Häufig sind alte Ferngläser in einem wenig ansehnlichem Zustand. Oft ist nicht nur die Außenseite, sondern auch die Optik innen verschmutzt, bis hin zum Pilzbefall. Auch wenn die Reinigung von Ferngläsern, ggf. auch neu Verkittung von Linsen mit Aufwand verbunden ist, so ist das ohne weiteres möglich, solange Linsen und Prismen nicht verkratzt oder gesprungen sind ('Chips'). Viele Ferngläser wurden früher einmal 'verpecht', d.h. mit einer Dichtmasse wetterfest gemacht und sind heute nur mit erhöhtem Aufwand zu demontieren und zu reinigen. Zur Kompensation  chromatischer Aberration sind i.d.R. zwei oder drei Element im Fernglas aus zwei Linsen verschiedener Glasarten zusammengesetzt (Achromate) und miteinander verklebt (verkittet). Früher verwendete organische Verbindungsmittel (Baumharz: 'Kanadabalsam') unterliegen unterschiedlichem Alterungsverhalten. Je nach Nutzung und Lagerung kann es zu störenden Braun-Gelbfärbung und zu Unschärfen bzw. Trübung des Bildes kommen. 

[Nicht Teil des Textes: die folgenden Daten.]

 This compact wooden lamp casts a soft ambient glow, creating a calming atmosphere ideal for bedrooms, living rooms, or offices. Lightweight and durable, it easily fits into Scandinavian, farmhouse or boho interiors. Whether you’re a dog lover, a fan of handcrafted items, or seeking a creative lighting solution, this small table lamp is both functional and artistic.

Beim Kauf eines unvergüteten Fernglases kann es Überraschungen geben. Mit Einführung   des T-Belags bei Zeiss ab 1935 wurden zunächst vorwiegend Marineferngläser vergütet. Nach 1945 wurden dann zunehmend auch zivile Ferngläser mit reflexmindernden Schichten versehen. Es gibt jedoch Fälle in denen ältere Ferngläser nachträglich vergütete oder Teile aus neuern vergüteten Ferngläsern in ältere eingebaut wurden. Daher lohnt sich das Fernglas (soweit möglich) vor dem Kauf genau anzusehen. Meist kann man den Blauschimmer vergüteter Elemente erkennen.

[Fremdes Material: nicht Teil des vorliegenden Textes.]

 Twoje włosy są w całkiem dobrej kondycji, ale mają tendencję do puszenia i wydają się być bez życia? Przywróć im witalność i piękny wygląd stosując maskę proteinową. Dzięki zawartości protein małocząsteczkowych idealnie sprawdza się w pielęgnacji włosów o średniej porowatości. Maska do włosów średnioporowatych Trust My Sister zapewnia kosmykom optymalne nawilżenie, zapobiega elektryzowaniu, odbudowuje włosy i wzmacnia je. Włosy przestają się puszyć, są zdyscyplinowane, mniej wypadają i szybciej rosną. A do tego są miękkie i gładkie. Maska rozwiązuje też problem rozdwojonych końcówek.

'Alte' unvergütete Markenferngläser haben einen großen Vorteil. Sie sind zumeist einfach und robust gebaut und oft in sehr hoher Präzision hergestellt. Ein Zeiss Handfernglas hatte Anfang des 20. Jh. den Gegenwert des Monatsgehalts eines gehobenen Beamten. Die Qualität dieser Gläser ist bis in die 20er Jahre sehr gut. Prismen sitzen mit leichter Spannung in zehntel Millimeter genau gefrästen Aussparungen. Die Glaselemente mit überraschend hoher Lichttransmission sind aus Borrosilikatglas hergestellt. Linsen und Prismen wurden mit großer Sorgfalt geschliffen und auspoliert. Wenn ein solches Zeissglas heute auseinandergenommen, gereinigt und die Justierringe der Objektive neutral gestellt wird, stimmt die Kollimation nach 100 Jahren wieder genau. Diese Ferngläser sind meist recht handlich und besitzen eine eigene Ästhetik, einen eigenen Charakter, eigene Anmutung. Sie sind ein Stück Zeitgeschichte und wenn Sie gut restauriert sind in ihrer Leistung wieder annähernd neuwertig. Sie liefern natürliche und scharfe Bilder.

Zeiss Binoctar(em) 7x50 (Foto) und Dekar(em) 10x50. Gute unvergütete Ferngläser (vor 1945 produzierte Exemplare). Ab den 20er Jahren hergestellt. Sehfeld Binoctar 128m / 1000m, 5 Gruppen. Sehfeld Dekar  128m / 1000m, 6 Gruppen (Weitwinkel). Relativ helle unvergütete Ferngläser mit ausreichender Randschärfe (subjektiv besser als nach 1947 produzierte Exemplare).